Profesor Czachór i kretynizm dnia.
26/07/2012
518 Wyświetlenia
0 Komentarze
1 minut czytania
Chcialem z poczatku napisac o kretynizmie tygodnia, ale jako ze konkurencja w tej dziedzinie jest w PO-lsce wyjatkowo silna, musze zatem ograniczyc sie do jednego dnia.
To, co obywatele i państwa Unii Europejskiej „tracą", godząc się na ograniczenie suwerenności, „odzyskują", zapewniając sobie konkretne korzyści, np. finansowe i udział w swobodach, które gwarantuje im rynek wewnętrzny.
A teraz uwaga, prosze zapiac pasy ( no chyba, ze ktos od Korwin-Mikkego, to nie musi ):
W Unii Europejskiejobowiązuje praktyczna zasada,która brzmi: „obywatele i państwa członkowskie nie tracą, a wespół z Unią zyskują".

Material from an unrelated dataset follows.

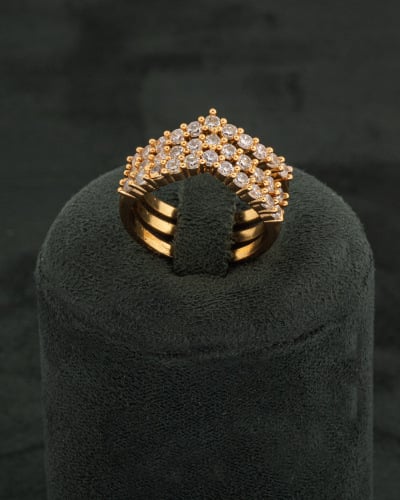 خاتم ثلاثي ذهبي مزين بالزركون ولمعة الألماس

Zupelnie jak w komunizmie, w ktorym rowniez obowiazywala bardzo podobna, praktyczna zasada, ze “od każdego według jego siły, każdemu według potrzeb”
Jak widac mozna byc profesorem szanujacego sie uniwersytetu i jednoczesnie pisywac ( pewnie na zlecenie ) kretynizmy na poziomie przecietnego wyborcy PO.